C'est une charge en règle contre les médias qu'a menée aujourd'hui Daniel Schneidermann dans Libération. Le 13 juillet dernier, l'éditorialiste fondateur de "Arrêt sur images" s'en est ainsi pris dans un texte intitulé "Le canapé de Sdérot" à la couverture des actuels évènements en Israël et à Gaza par les télévisions françaises. Il a notamment dénoncé le formatage des reportages sur le sujet.
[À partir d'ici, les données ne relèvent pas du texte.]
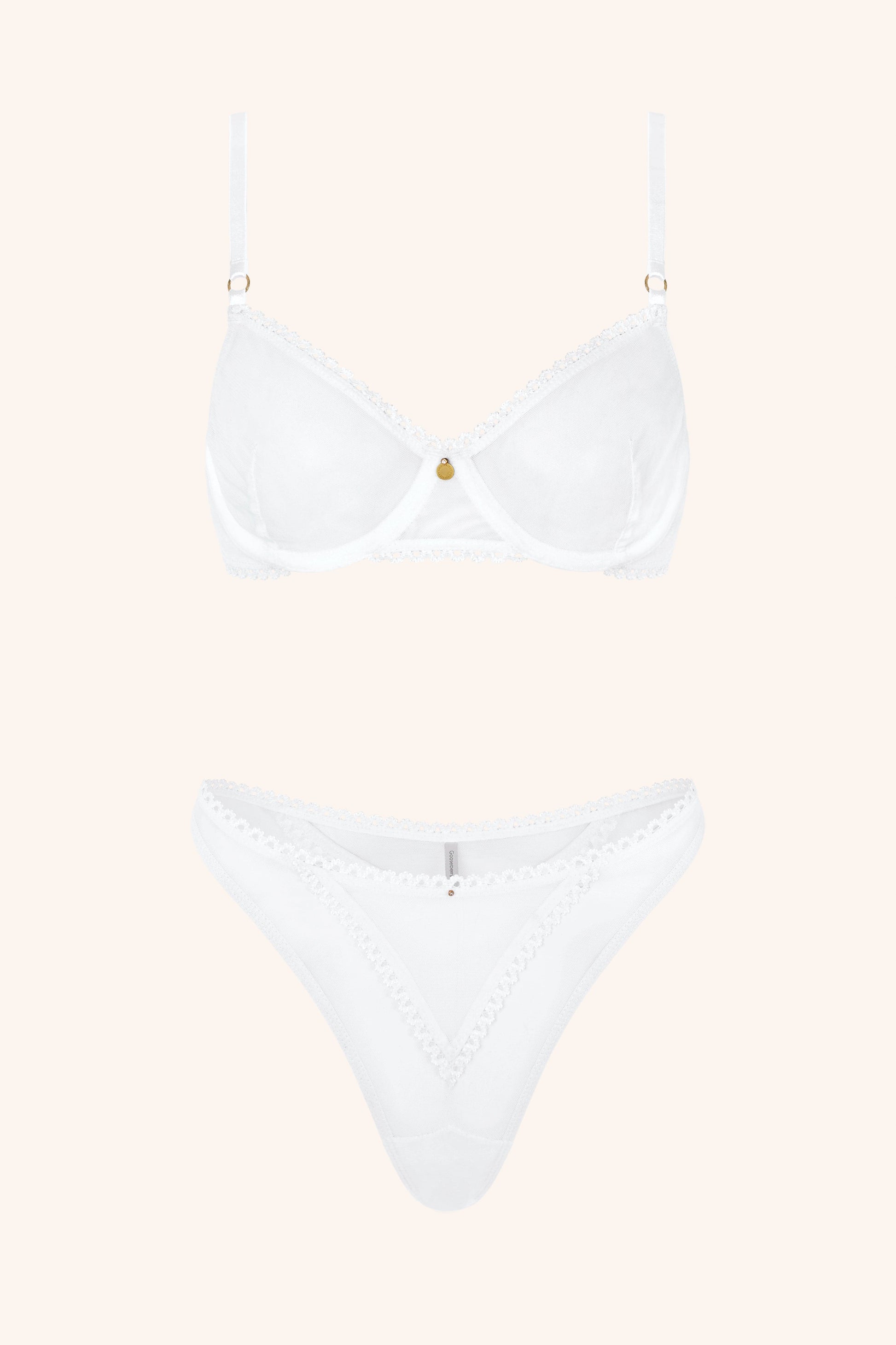De Dolce Bh in wit straalt elegantie en sensualiteit uit met transparante mesh en verfijnde details. De beugels bieden subtiele ondersteuning en shaping, terwijl de ademende stretch-mesh zacht en licht aanvoelt op de huid. Gouden accenten zorgen voor een luxueuze, verfijnde afwerking. Perfect voor vrouwen die comfort en klasse moeiteloos willen combineren.

"En tenir un. Un seul, une fois. Un de ces rédacteurs de la grande machine qui amorcent leurs sujets quotidiens du 20 Heures sur le Proche-Orient par les roquettes menaçant les villes israéliennes. Qui donnent la parole aux enfants israéliens, aux passants israéliens, aux mères israéliennes dont les enfants sont menacés. Et poursuivent et concluent la synthèse quotidienne par quelques plans, filmés de loin, sur les décombres de Gaza, en livrant mécaniquement le bilan des victimes palestiniennes, 20, 30, 50. Dans cet ordre (l'acte de guerre du Hamas précédant systématiquement l'acte de guerre d'Israël)" écrit le journaliste.
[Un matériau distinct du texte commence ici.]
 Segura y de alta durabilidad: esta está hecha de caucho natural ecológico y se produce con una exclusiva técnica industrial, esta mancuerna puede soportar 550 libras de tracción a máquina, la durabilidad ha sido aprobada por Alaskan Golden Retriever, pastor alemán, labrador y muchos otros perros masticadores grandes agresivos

Et ce dernier de railler une objectivité des médias qu'il semble considérer comme factice : "Cet ordre qui, plus efficacement qu'un éditorial - surtout ne pas prendre parti, on est neutres, à la télé -, dit au téléspectateur : ce sont les Palestiniens qui ont commencé, et les Israéliens ne mènent que des 'représailles'. Seule nous importe cette chronologie, plus déterminante dans la hiérarchie que nous édictons que le nombre respectif des victimes" a-t-il ainsi critiqué.
Selon Daniel Schneidermann, il existerait ainsi une inégalité de traitement inconsciente des médias français selon qu'ils évoquent les Israéliens ou les Palestiniens, inégalité perceptible selon lui jusque dans les mots différents employés pour décrire une même réalité. "Pourquoi le kidnappé israélien abattu par ses ravisseurs est un 'adolescent', et le bombardé palestinien un 'mineur'. Pourquoi les Israéliens qui se terrent dans les abris sont des 'personnes', et les Gazaouis bombardés des 'victimes civiles'. Pourquoi l'Israélien parle, témoigne, et le Palestinien hurle toujours, sa colère ou sa douleur" s'interroge ainsi Daniel Schneidermann.
Et d'ajouter : "Pourquoi l'Israélien se contemple de près, pourquoi on peut voir son intérieur, son jardin, visiter son abri antiroquettes douillettement décoré du drapeau israélien, pourquoi on est si près de sa peau, de ses rides, de sa peur. Alors que le Palestinien n'est qu'un chiffre qui crame sous les décombres. Qui se confond avec les décombres. Qui n'est plus que décombres, filmés de loin".
A la fin de son éditorial, le fondateur d'"Arrêt sur images" s'imagine enfin en train de retrouver l'un de ces journalistes couvrant le Proche-Orient. "En tenir un. Lui demander : mais pourquoi commencez-vous toujours par les roquettes palestiniennes, et pourquoi ne mentionnez-vous les bombardements israéliens qu'ensuite ? Pourquoi cet ordre ? Ecouter toutes ses réponses (c'est parce qu'on a des images des Israéliens sous les roquettes, et pas d'images de Palestiniens sous les bombes ; c'est parce qu'il est plus facile d'aller tourner en Israël qu'à Gaza ; c'est parce qu'il nous faut des francophones, et qu'il y a davantage d'Israéliens que de Palestiniens qui parlent français)" décrypte Daniel Schneidermann.
Et le journaliste de donner sa propre explication à ce comportement des médias français : "Regarder toutes ces justifications s'autodissoudre les unes après les autres, pour laisser à nu la seule réponse possible : c'est parce qu'on a toujours fait comme ça, et on fait comme ça parce que tous nos confrères sur place vivent à Jérusalem ou à Tel-Aviv, en tout cas pas en Palestine, et que nous sommes donc culturellement, économiquement, affectivement, intégrés à la société israélienne, et pas à la société palestinienne, même si c'est largement à notre insu, comme d'habitude".